Refonder l'Europe donc, devient une question de vie ou de mort pour l'Union européenne car, tant que les peuples ne pourront pas s'approprier pas l'idéal européen, l'Union n'aura aucun avenir, s'étiolera ou finira par se se dissoudre. Nous reviendrions, alors, à la situation antérieure génératrice de guerres. « Le nationalisme, c'est la guerre » : tel fut le message ultime de François Mitterrand dans son dernier discours de président, à Berlin, alors que, cerné par la mort, il tenait à peine debout. Le rejet des tentations nationalistes (en Autriche, aux Pays-Bas, espérons-le en France, cette année, ne suffira pas). Les questions qui nous poignent débordent nos frontières et pas seulement les désordres climatiques ou les entrées de réfugiés économiques, climatiques ou politiques, mais aussi le recours à des armements de plus en plus sophistiqués et violents qui sont utilisés à nos portes au Moyen-Orient ou en Ukraine, sans oublier la menace des menaces, la menace nucléaire. L'Europe a de quoi se re-constituer. C'est l'une des urgences principales. Les candidats (et pas seulement ceux qui critiquent sans proposer) ont trop peu ouvert de voies de recherche et de travail sur le sujet !

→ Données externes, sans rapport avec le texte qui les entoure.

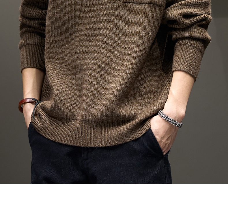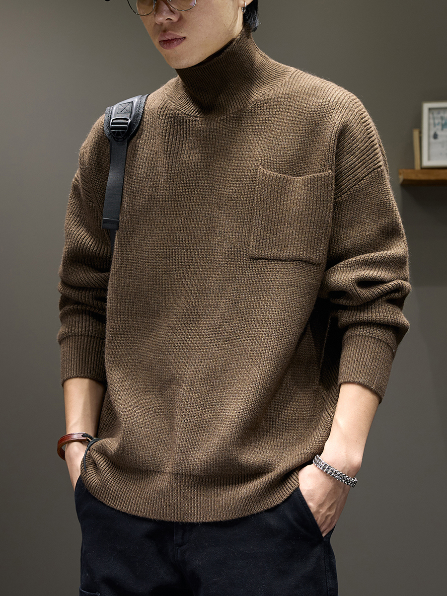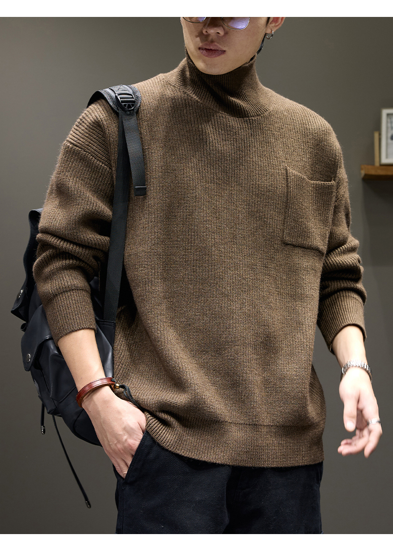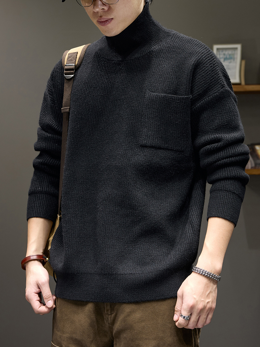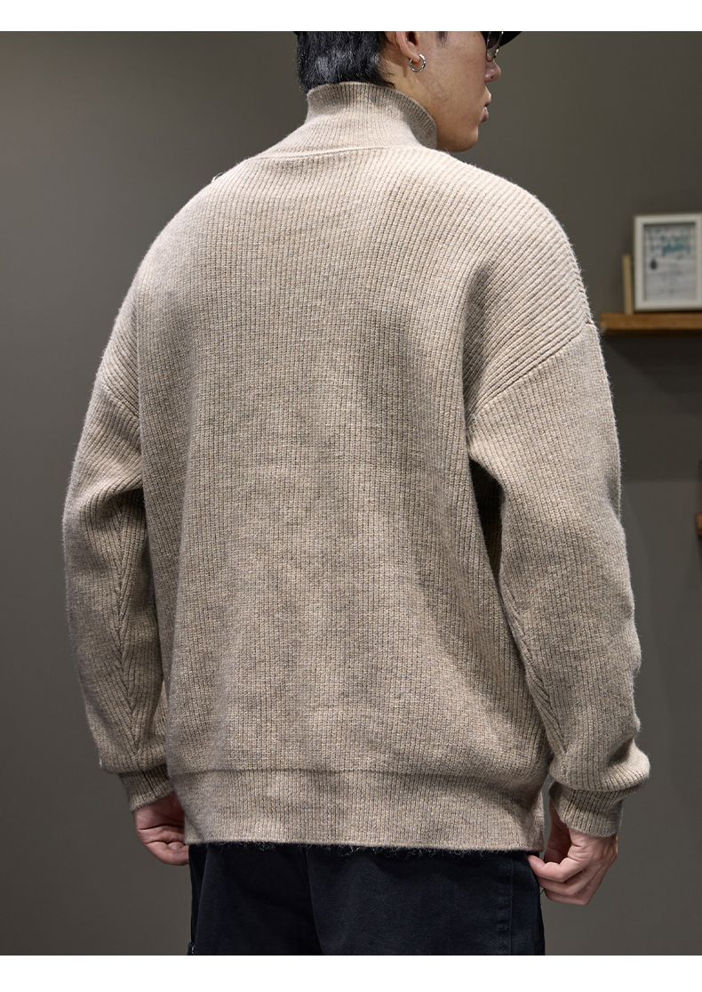 아메리칸 스타일 트렌디 브랜드 하프 터틀넥 스웨터 남성용 루즈 캐주얼 니트 스웨터 가을과 겨울 솔리드 컬러 간단한 올매치 베이스 셔츠

2 – L'arme atomique n'est plus (a-t-elle jamais été ?) le meilleur des moyens de défense ?
Les candidats abordent, presque tous, cette question en prenant des pincettes et en se bouchant le nez. S'il y a eu consensus, dans l'opinion publique, jusqu'ici, c'était pour dire que la dissuasion nucléaire nous protègeait. Cette conviction recule et reculera plus encore quand les arguments seront examinés au niveau planétaire et même européen. Pourquoi ne dit-on pas que le 23 décembre 2016, l'Assemblée Générale de l'ONU a adopté, par 113 voix pour, 35 contre, et 13 abstentions, la résolution L.41 convoquant, en 2017, (du 27 au 31 mars, puis du 15 juin au 7 juillet) «une conférence chargée de négocier un instrument juridiquement contraignant d'interdiction des armes nucléaires conduisant à leur élimination totale » ?Alors que se déroulait la campagne électorale, en France, les travaux de cette conférence se sont donc engagés, le 27 mars dernier, sans qu'on les évoque ! Ils reprendront, le 15 juin, peu après l'élection du nouveau président de la République française. Comment est-il possible que nous connaissions si mal les intentions du futur Chef des Armées ?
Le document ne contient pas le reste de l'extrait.